By Bernard Thompson
Do you ever wonder how good your doctor is?
When you go to that person’s surgery, you are often literally putting your life in their hands but how do you measure their competence?
Naturally, doctors are people and people are imperfect so, logically, some are better than others. But, however good or bad they may be – and their patients are often in no position judge – you generally do what they tell you to do.
You put chemicals into your body at their behest, eat what they tell you to, have them make decisions for your children and trust them to spot if you are suffering from a life-threatening condition, even when you may feel quite healthy.
Thankfully, they are highly trained, mostly for about seven years at university followed by years of practice.
But here’s the rub – when you strip away the title and the aura that comes with being called “doctor”, effectively you are looking at a knowledge bank which monitors symptoms.
If they are specialists, their knowledge and experience will be highly-specific and they will have access to high-tech equipment. But when you think about it, it’s technology that is advancing medical science far more than doctors.
And that suggests that doctors will one day – perhaps sooner than you imagine – be replaced by computers.
In fact, it is not too far-fetched to suggest that most people graduating in medicine today will be redundant by the time they are 60.
Doctors check symptoms and match them to knowledge they have from their training with imperfect recall and based on facts largely restricted to their medical culture.
Measuring temperature, heart-rate and blood pressure are easy, with equipment that anyone could buy at home.
Blood, urine, etc. get sent to a lab for chemical tests.
Doctors will look into your eyes and listen to your breathing but a machine could do either to a higher degree of accuracy.
They will prod you, feel around inside you but the most detailed information comes from x-rays, heart-monitors and body scanners.

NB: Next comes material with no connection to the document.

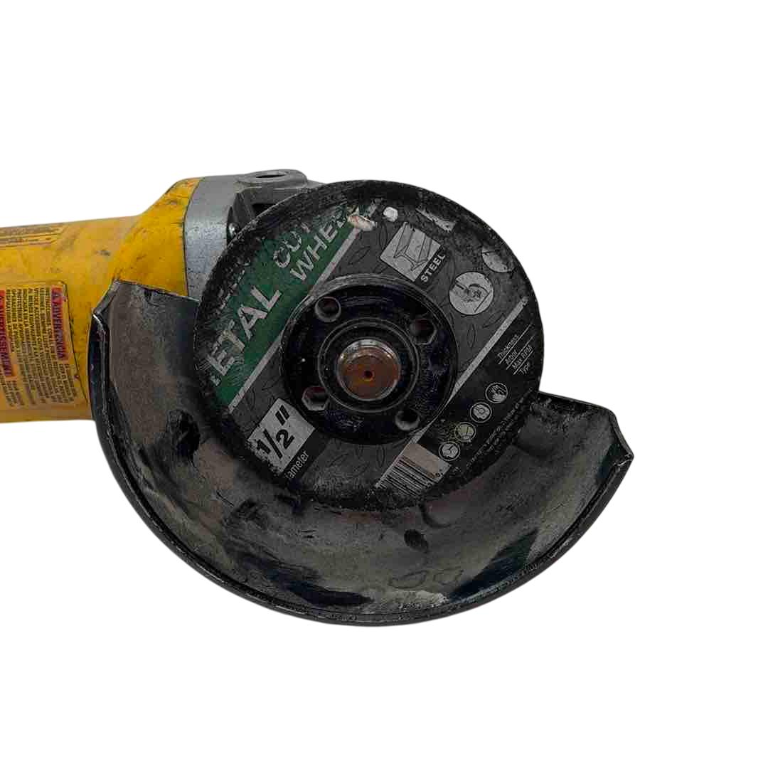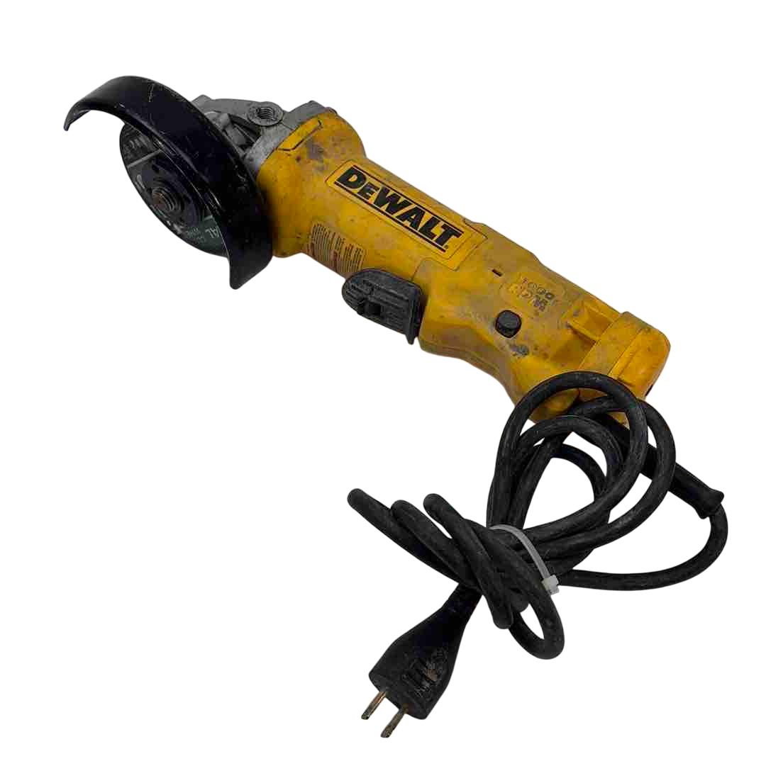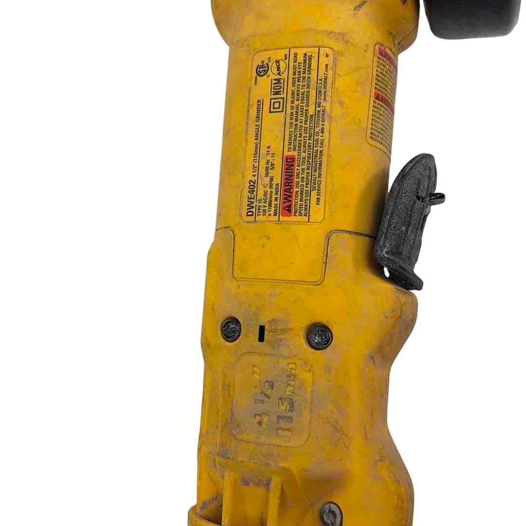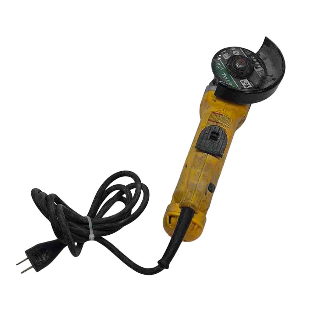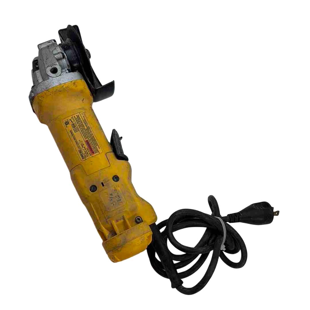 A versatile and robust tool designed for a range of grinding applications. It's powered by an 11 Amp AC/DC motor that delivers 11,000 RPM, providing an excellent power to weight/size ratio. The grinder features a Dust Ejection System for enhanced durability, a One-Touch Guard that allows for 360-degree rotation, and a Quick-Change Wheel Release for tool-free wheel removal. Additional features include a top-mounted and protected spindle lock button, a small gripping surface for optimal comfort, an ergonomic side handle, and auto-off brushes that protect the tool from damage.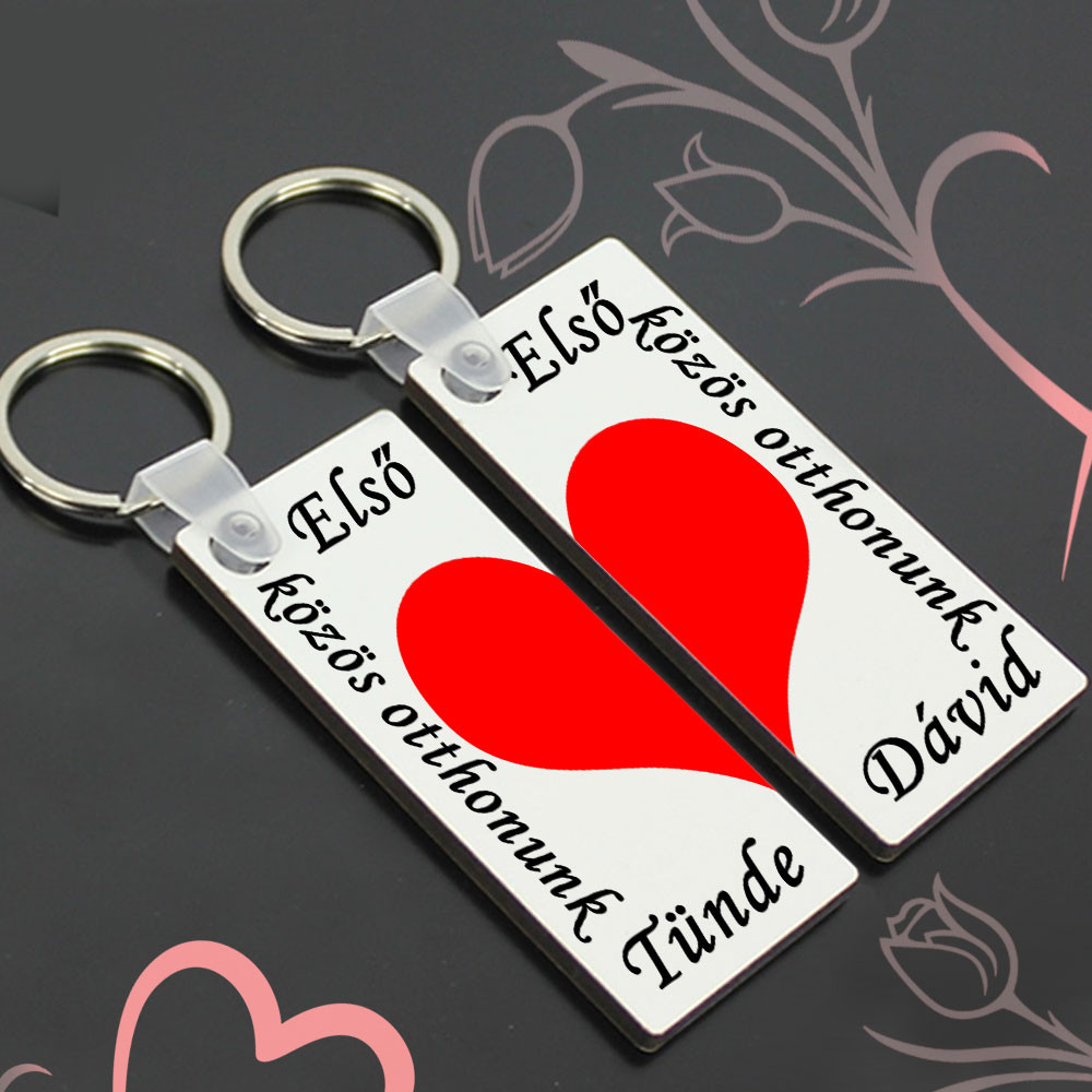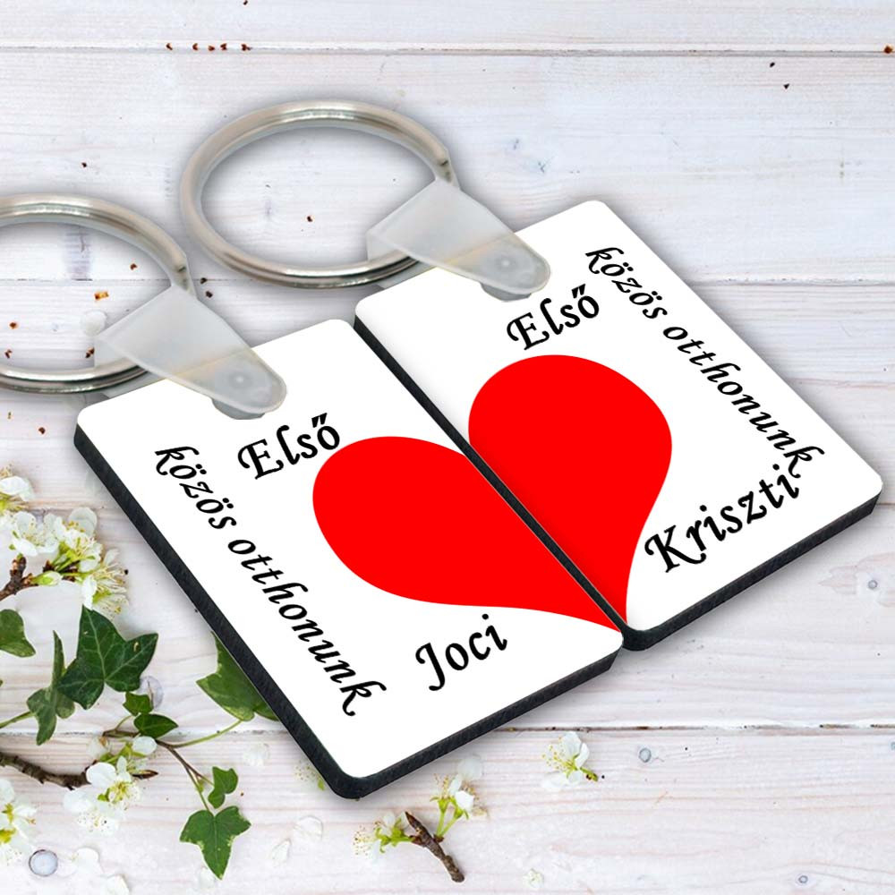 Páros kulcstartó saját nevekkel, első közös otthon felirattal. Az első otthon nagy mérföldkő, összeköltözni valakivel, aki számodra a legkedvesebb nagy esemény az életedben. Lepd meg magatokat egy névre szóló páros kulcstartóval. Anyaga: MDF fa, mérete: 7x3 cm

That’s leaving the only key human elements being the doctors knowledge, based on your records, their empathy and instincts.
And this is where big data processing will make doctors virtually redundant. Imagine a database that has every medical record in history, every medical journal, all available data on the effectiveness of every treatment worldwide.
Doctors in different countries often have different approaches to medical care, for example being more or less likely to perform Caesarian sections at an early stage in labour. That means that your treatment is not solely guided by what is best for you, but also by the medical culture.
But it doesn’t have to be that way. Pooling that data would allow a verifiable method of establishing what is statistically the best treatment for you.
Imagine that information being applied to you, specifically, in the most minute detail.
The speed with which enormous amounts of data can be evaluated is what is likely to make this revolution happen.
Your doctor can only process so many details at one time. Computers can process many times more data in seconds. They can also identify associations that traditionally come around through specific tests or by chance.
But we are on the cusp of an era in which computers will be able to identify patterns based on symptoms that even the majority of doctors wouldn’t notice. Maybe people with red hair tend to respond better to certain medication. Perhaps people with long index fingers are more prone to certain conditions.
The computers will store all this data about you and cross-reference it against billions of others across the world and throughout the ages.
They will instantly know what the latest treatments are and accurately calculate their statistical risks and likelihoods of success.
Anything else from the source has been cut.